In general, the Street View program’s interface calls to mind McPherson’s notion that, unlike television, the web functions on a “sense of causality in relation to liveness” (462). Street View is of course not live, but there is a sense of “liveness” in its indiscriminate relation of the real world, and therefore a tacit sensation that when you click your way down a city street on Street View, you are actually causing the navigation, “a feeling that our own desire drives the movement” (462). This impression of liveness is why it’s so disorienting when Street View’s images aren’t seasonally accurate, or have not kept pace with construction. In McPherson’s terms, Street View has an illusory liveness—“what is crucial is not so much the fact of liveness so much as the feel of it” (462). In this, the sensation that Street View gives its user is perhaps a literalization of McPherson’s volitional mobility, which she illustrates with programs not completely unlike Street View, such as MSNBC’s ‘Kennedy Remembered’ webpage (463).

The sensation of liveness integral to McPherson’s concept of volitional mobility is related to the immediacy in Bolter and Grusin’s discussion of the logics of remediation.
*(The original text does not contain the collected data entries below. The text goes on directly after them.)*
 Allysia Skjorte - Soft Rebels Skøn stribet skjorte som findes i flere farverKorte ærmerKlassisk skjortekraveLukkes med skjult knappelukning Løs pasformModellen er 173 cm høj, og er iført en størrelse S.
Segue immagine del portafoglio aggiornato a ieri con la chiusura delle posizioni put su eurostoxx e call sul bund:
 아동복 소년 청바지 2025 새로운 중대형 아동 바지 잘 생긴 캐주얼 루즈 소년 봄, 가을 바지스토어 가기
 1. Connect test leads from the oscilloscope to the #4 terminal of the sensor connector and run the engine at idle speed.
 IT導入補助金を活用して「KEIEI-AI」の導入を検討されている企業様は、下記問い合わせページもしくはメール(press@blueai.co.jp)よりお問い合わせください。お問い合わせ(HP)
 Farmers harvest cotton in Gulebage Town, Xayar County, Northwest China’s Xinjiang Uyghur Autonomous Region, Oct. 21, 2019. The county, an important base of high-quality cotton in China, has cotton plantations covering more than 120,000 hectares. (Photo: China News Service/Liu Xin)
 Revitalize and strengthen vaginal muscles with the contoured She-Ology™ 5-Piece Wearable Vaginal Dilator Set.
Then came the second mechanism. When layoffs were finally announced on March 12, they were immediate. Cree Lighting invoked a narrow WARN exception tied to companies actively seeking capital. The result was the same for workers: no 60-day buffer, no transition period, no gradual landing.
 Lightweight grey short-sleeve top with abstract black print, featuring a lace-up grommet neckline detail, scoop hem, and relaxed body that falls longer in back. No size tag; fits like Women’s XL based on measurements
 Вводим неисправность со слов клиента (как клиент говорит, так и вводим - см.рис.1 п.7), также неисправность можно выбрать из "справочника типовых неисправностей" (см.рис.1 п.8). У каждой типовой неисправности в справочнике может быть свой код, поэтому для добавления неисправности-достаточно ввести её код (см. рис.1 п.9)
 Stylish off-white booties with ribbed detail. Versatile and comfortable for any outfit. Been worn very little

Just as in the Internet webcams that show backyard birdfeeders, in Street View, too, there is a “logic of immediacy” that “dictates that the medium itself should disappear and leave us in the presence of the thing represented” (6). Inasmuch as photography is popularly understood as an invisible medium—that is, when photographs are looked at with an uncritical eye, it is assumed that what they depict is a pure or true representation—there is an extent to which the Street View images are indeed immediate. The fact that these images are created by the impassive gaze of the camera-cars both extends and undermines this sensation of immediacy.  Extends, because there is therefore no subjective photographer (or her attendant intentions inscribed upon the images) to worry about; undermined, because this immediacy thus depends on the very existence of the technological medium. As Bolter and Grusin put it (writing about video games) “the immediacy can only come through acknowledging the medium” (91). In an essay for Art Fag City, Jon Rafman expresses a similar contradiction, writing that even the features of the images that reveal how they are produced, “such as the visible Google copyright and the directional compass arrows … enhance, rather than destroy the thrill of the present instant projected on the image” (Rafman). Recalling McPherson’s discussion of volitional mobility, the interactive controls presented to the Street View user—such as the zoom in or out buttons—function to make the user feel more powerful in regard to the image as well as, via these hypermediate indicators, to deepen the sense that these images are authentic and thus could stand a detailed examination.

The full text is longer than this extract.